- Given information
• • • • •

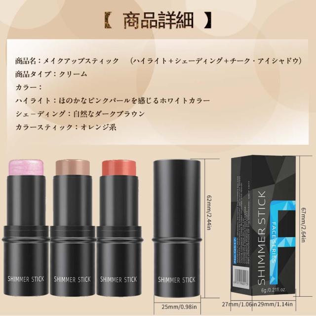 ハイライター スティック ハイライト バーム お得3点セット ツヤ肌 しわ隠し 立体輪郭 長持ち 携帯便利 初心者向け メイクスティック ハイライトペン チーク用ブラッシュ
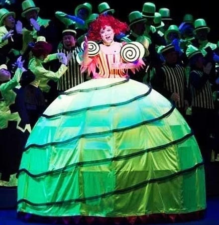 色鮮やかな衣装、台車付きの巨大なスカートをはいたユニークな機械人形の登場など
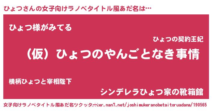 | 男性向けラノベタイトル風あだ名 | 『ひょつの憂鬱』『緋弾のヒョツ』 |

• • • • •

- What you need to do
Could you return, word for word, every line from the line with "色鮮やかな衣装、台車付きの巨大なスカートをはいたユニークな機械人形の登場など" through the last line of the listing above, both ends included, without any pictures?

- Response to this exercise
 色鮮やかな衣装、台車付きの巨大なスカートをはいたユニークな機械人形の登場など
 | 男性向けラノベタイトル風あだ名 | 『ひょつの憂鬱』『緋弾のヒョツ』 |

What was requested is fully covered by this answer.